Exercise: Although pictures appear in the data, the answer should contain only the lines from its start through the line with "Фото 2. Земельный", written out exactly.

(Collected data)

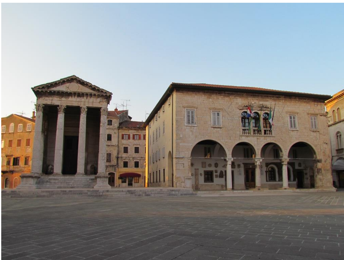
Slika 3. Forum u Puli (Istra.hr (2024) Dostupno na: https://www.istra.hr/hr/destinacije/pula/dozivate/highlights/augustov-hram-i-forum (07.05.2024.))

posveta ovog hrama ukazuje da je hram bio posvećen upravo božanstvu samog cara. Nakon antičkog razdoblja, prostor hrama neko se vrijeme koristio kao crkva, a nakon toga, hram je pretvoren u skladište za žito. 33
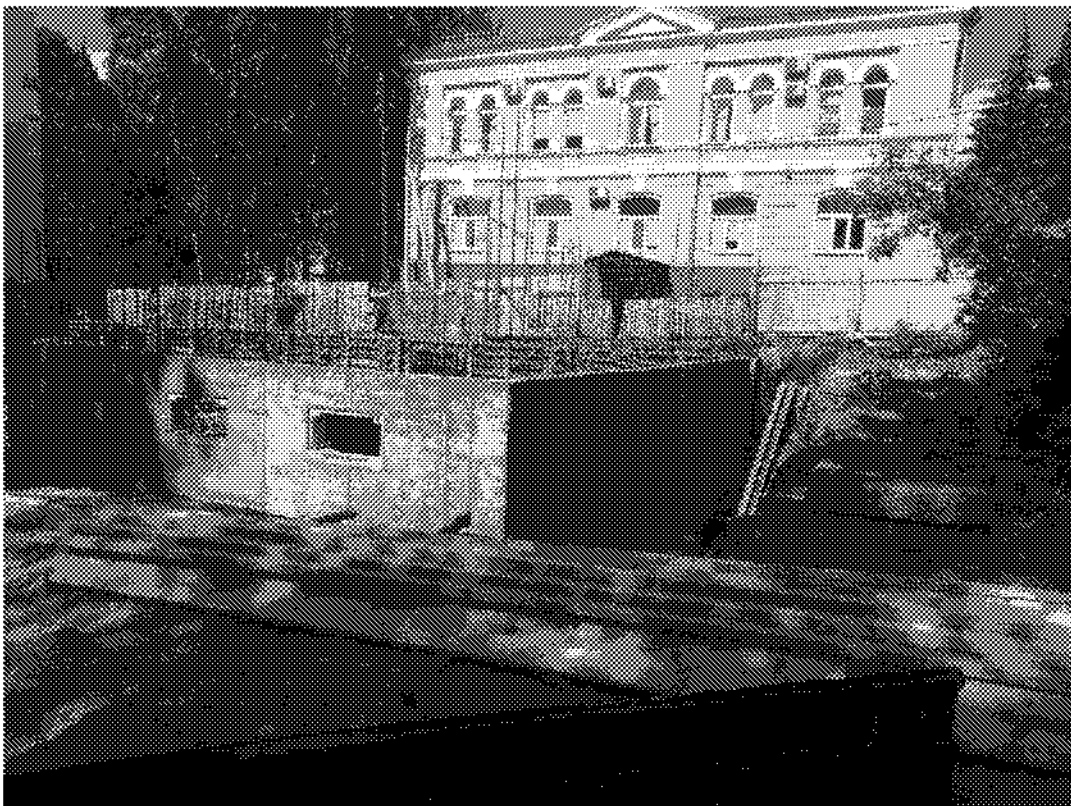
Фото 2. Земельный участок с кадастровым номером 58:29:3003012:13, в границах объекта культурного наследия федерального значения "Культурный слой г. Пензы", вид с востока (03.06.2026)
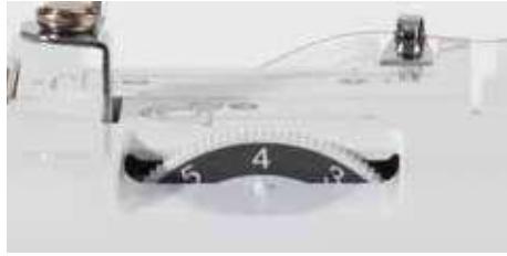
Réglage de la tension du fil
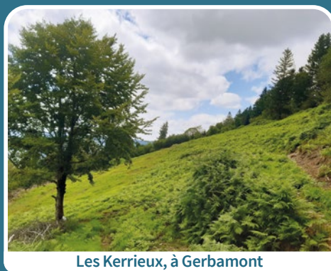
Les Kerrieux, à Gerbamont
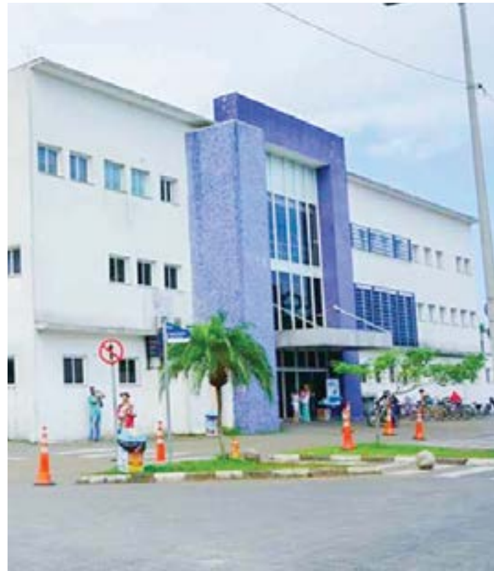
UPA Central de Caraguá; município registra 2.375 casos de dengue
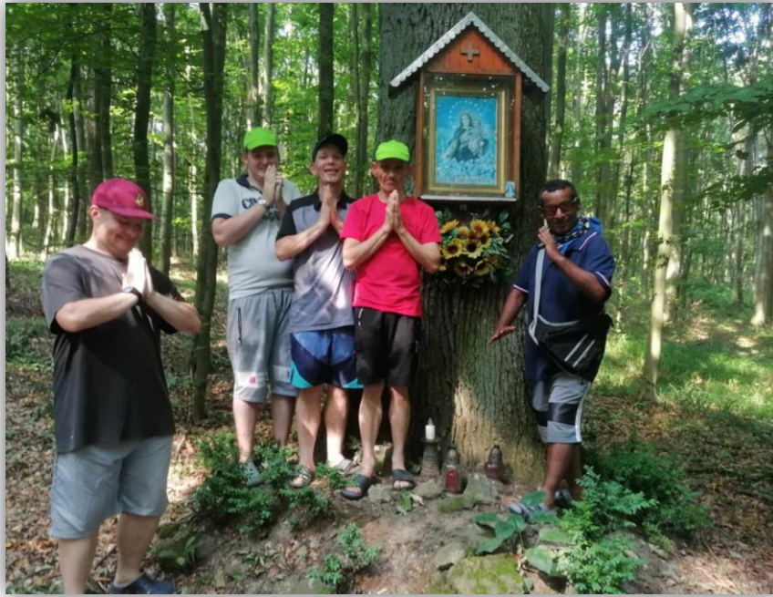
STANOVAČKA V BOJKOVEJ
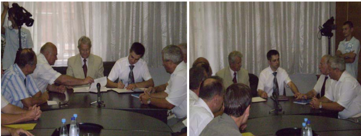
Подписание договора между НТУ «ХПИ» и ОАО «ХТЗ» о создании нового трактора с бесступенчатой трансмиссией

Цель указанного проекта - научное обоснование оптимальной схемы бесступенчатой двухпоточной гидрообъемно-механической трансмиссии для перспективного трактора ХТЗ мощностью 240 л.с., ее автоматизированное проектирование - выпуск рабочих чертежей, создание базы покупных изделий, сборка трансмиссии и ее испытание на тракторе в полевых условиях совместно со специалистами завода.
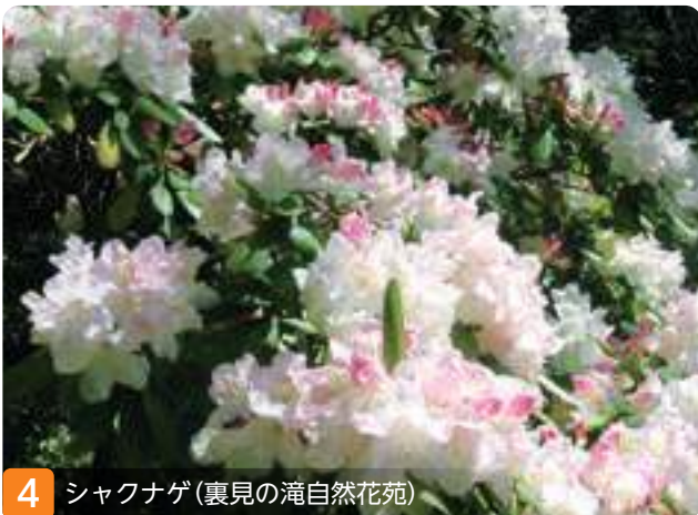
4 シャクナゲ(裏見の滝自然花苑)
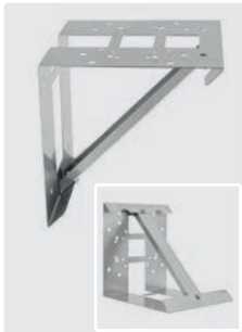
Edelstahl. 280 x 280 x 260 mm. Für Motorpumpenkombinationen 3 / 4 und 5,5 KW
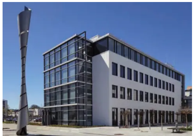
Architekturbüro: Ermel Horinek Weber AS PLAN Architekten, Kaiserslautern
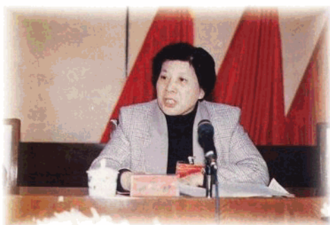
中共海南省委常委、省纪委书记董范园。
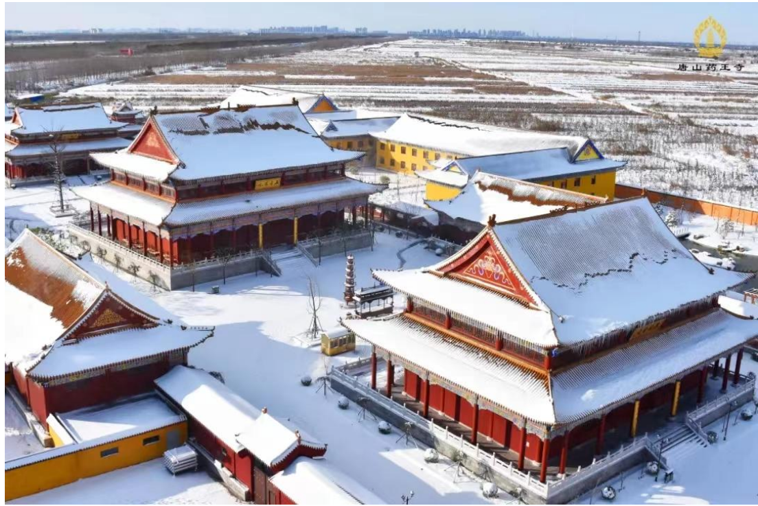
寺王藥大村刁打王
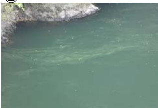
② 権現大橋から角井方向に筋状(長さ 10m 幅 5m程度)に発生 (レベル2)
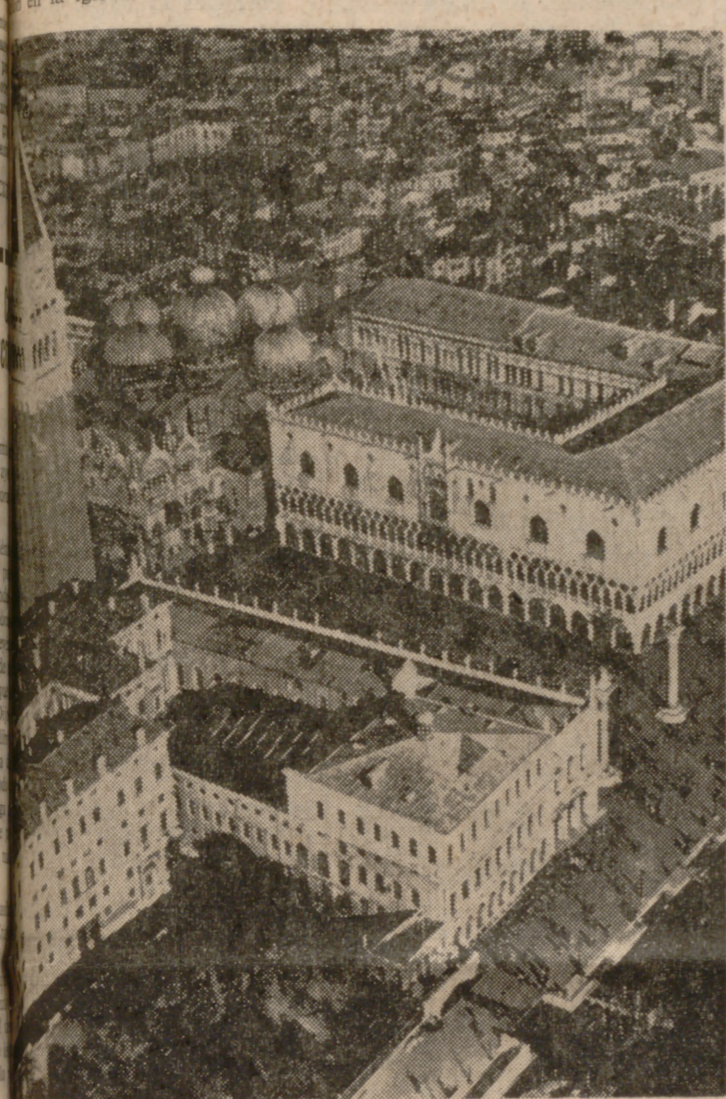
El arte, tesoro de la humanidad entera

Moisés, Venecia será sal... de las aguas. René Maheu... de la Unesco, ha prome... de este organismo in... en favor del rescate de... venecianos. Después de... con total éxito— de... Nubias, la Unesco se... a una nueva misión... del Gobierno italiano... de su incapacidad... la empresa solo, acudió... René Maheu solicitando su... colaboración.
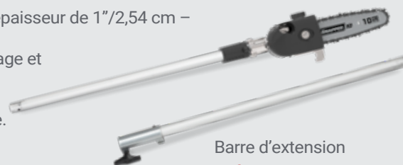
Barre d'extension Référence: 1696901
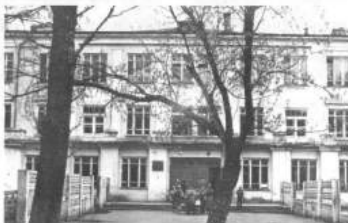
Средняя школа № 11. В ней располагался эвакогоспиталь № 1241
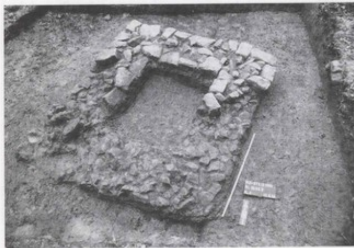
Abb. 119 Hechingen-Stein. Tempelbezirk. Kapelle 127.

Entsprechend den Beobachtungen 1993 sind auch diese gleichartig in Ausrichtung und Größe. Allem Anschein nach bilden sie Gruppen von bis zu drei Stück, die Kapellen 116 und 120 sind aneinandergebaut. Kapelle 127 (Abb. 119) steht zum gegenwärtigen Zeitpunkt noch isoliert da, der umgebende Bereich ist allerdings noch nicht untersucht. Diese gruppenweise Ausrichtung und die Befunde lassen vermuten, daß die Kapellen nach einer bestimmten Ordnung geplant und erbaut wurden. So sitzt z. B. Kapelle 99 teilweise auf der abgetragenen Mauer 24 auf und wurde dem hier sehr
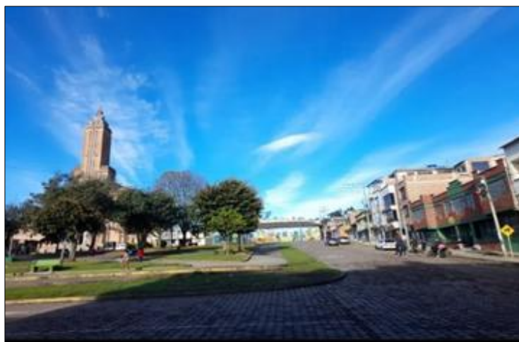
Imagen I.E.M. Santa Teresita, Sede Santo Tomás Catambuco.

Nota. Octubre 8 del 2022.
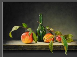
Stillevan met appeltak en fles (30 x 40 cm)
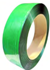
Feuillard PET Polyester
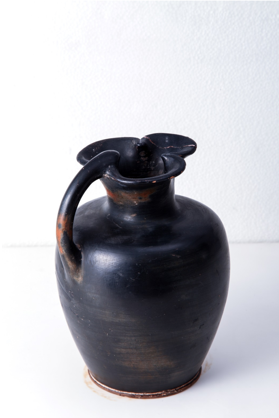
Fig. 3 - Enócoe de Sulky

El enócoe de Sulky se puede datar de finales del siglo VI y el siglo V a.C. porque, desde la conquista cartaginesa de Cerdeña y durante todo el siglo IV a.C., la única cerámica griega de importación que se usó en las localidades púnicas era la ática, es decir, la que se producía en Atenas y en la región de Ática (fig. 3). Con anterioridad, es decir, a partir de
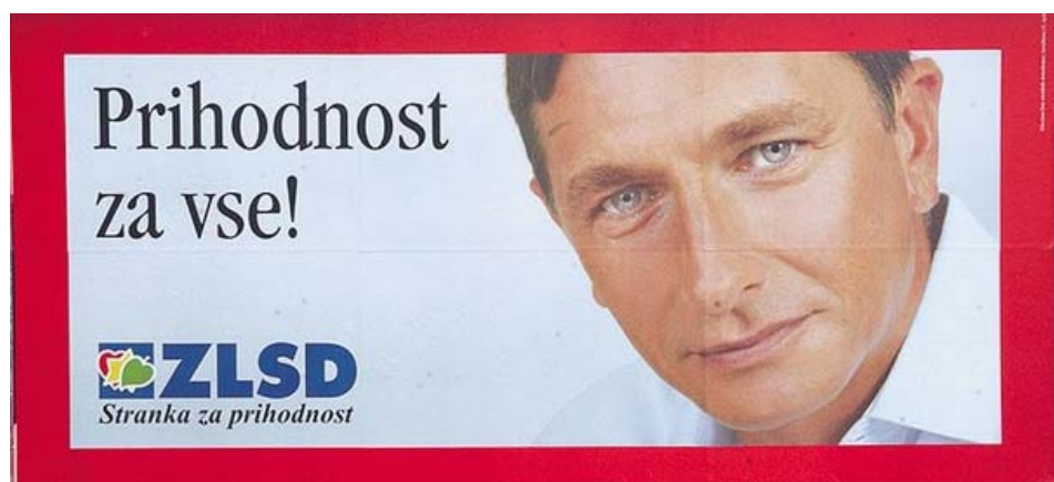
Slika 4.3: Plakat stranke ZLSD leta 2004

Na volitvah leta 2004 je ZLS nastopila z enim plakatom, s sloganom »Prihodnost za vse!«. Na tem plakatu je v ozadju Borut Pahor predsednik stranke in takratni evropski poslanec. Posebnost tega plakata je, da Borut Pahor, ki je bil predsednik stranke ni kandidiral na teh volitvah, saj je bil evropski poslanec. Posebnost tega plakata je zelo izrazita, plakat je podoben osmrtnici, le da ima ta rdečo obrobo, kar prikazuje slika 4.3.
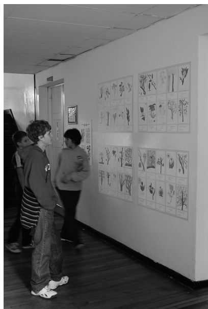
Exposición de los trabajos realizados en el Jardín Botánico

Los pintores de la Expedición Botánica: de la percepción de la Colonia a la expresión del Siglo XXI. Desde la concepción del proyecto fue clara la necesidad de vincular al profesor de arte, pues La Expedición Botánica, aparte de tener una relevancia histórico científica, se convirtió en un espacio de expresión plástica de inigualable valor. No se puede olvidar que fue la única expedición que tuvo una escuela de pintura. Esta actividad se llevó a cabo en las instalaciones del Jardín Botánico de Bogotá y fue el cierre del proyecto.
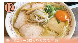
12 提供メニュー:肉入り大盛り、生卵

徳島県徳島市住吉5丁目68-1/アクセス:城東大橋バス停、西張北バス停から徒歩4分/毎週水曜日休/10:30~15:00(土日~17:00)/☎088-653-3839
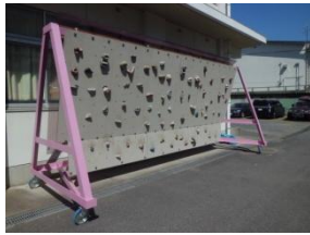
リニューアルした クライミングボード

昨年度末には クライミングボードがリニューアル し、春合宿では八丈島の八丈富士に行きました。
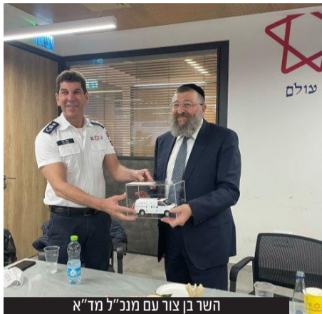
השר בן צור עם מנכ"ל מד"א
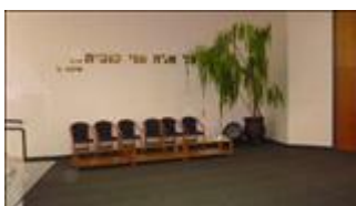
בית יד לבנים הוד השרון
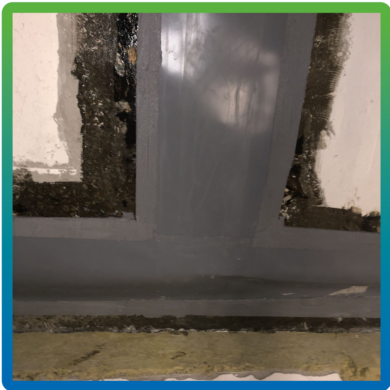
Вид смонтированной ленты на пересечении Т образного шва
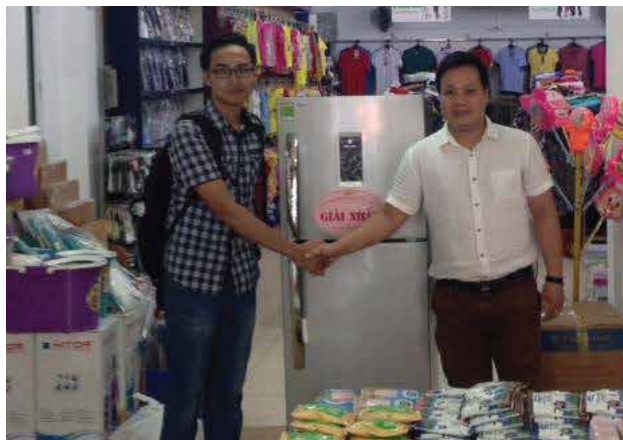
Trao giải cho khách hàng trong chương trình Bốc thăm chào mừng Lễ 30.4 và 1.5

Ngày 22/ 5/2016, Công ty Siêu thị Hà Nội đã khai trương Khu dịch vụ tiện ích tại tầng 2 tòa nhà 362 Phố Huế với các dịch vụ như: Coffe, Fastfood, Quà quê, Cơm văn phòng... Khu dịch vụ tiện ích đã mang lại những dịch vụ tiện lợi cho CBCNV đang làm việc tại tòa nhà 362 Phố Huế và khách hàng đến giao dịch tại Tòa nhà.
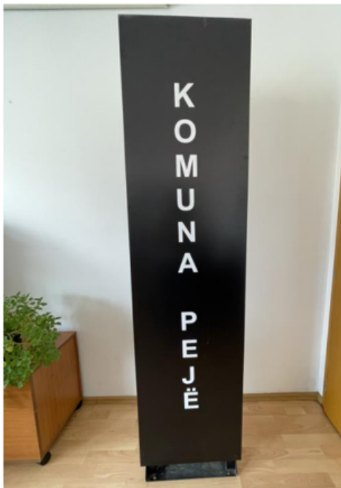
1. Pro print
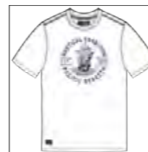
RF 16 white ID: 19769
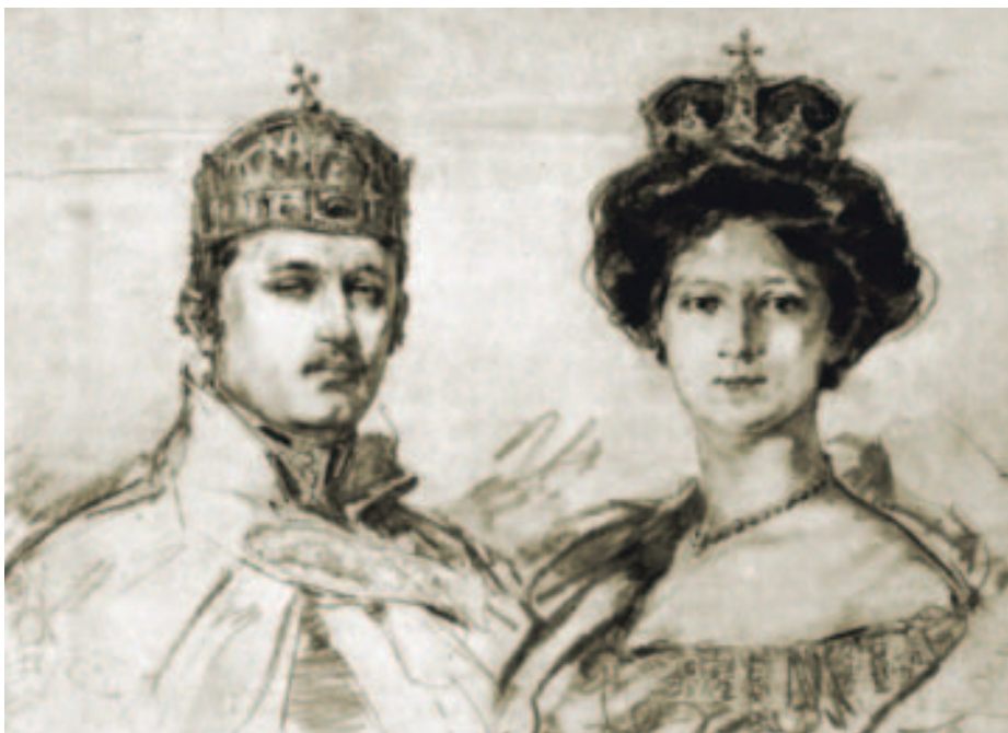
✿ Zádor István: Zita királyné koronázása (lent)
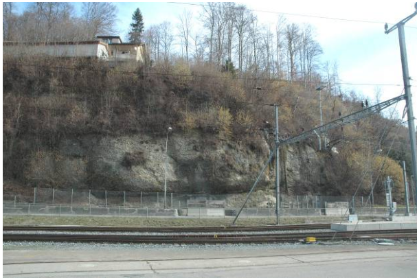
Zustand vor Massnahmen
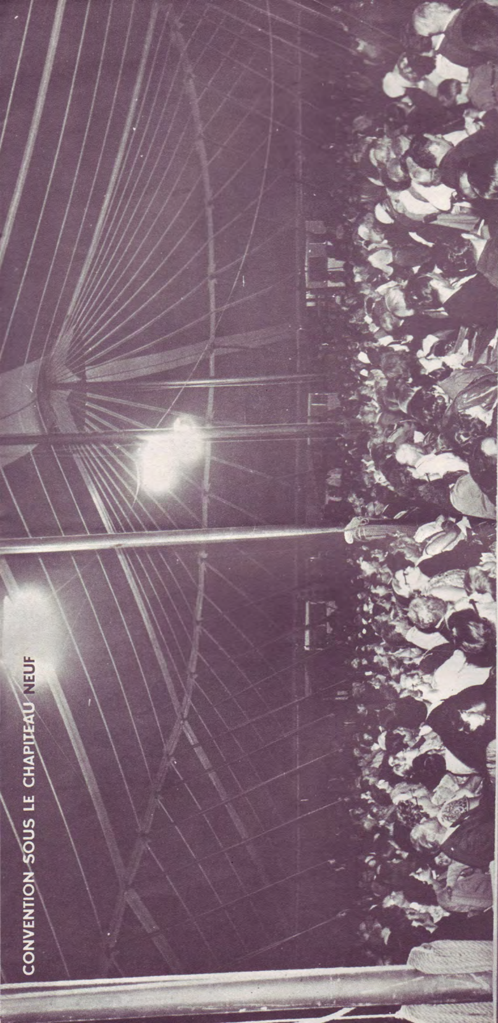
CONVENTION SOUS LE CHAPITEAU NEUF

Reply to the exercise:
Slika 3. Forum u Puli (Istra.hr (2024) Dostupno na: https://www.istra.hr/hr/destinacije/pula/dozivate/highlights/augustov-hram-i-forum (07.05.2024.))

posveta ovog hrama ukazuje da je hram bio posvećen upravo božanstvu samog cara. Nakon antičkog razdoblja, prostor hrama neko se vrijeme koristio kao crkva, a nakon toga, hram je pretvoren u skladište za žito. 33
Фото 2. Земельный участок с кадастровым номером 58:29:3003012:13, в границах объекта культурного наследия федерального значения "Культурный слой г. Пензы", вид с востока (03.06.2026)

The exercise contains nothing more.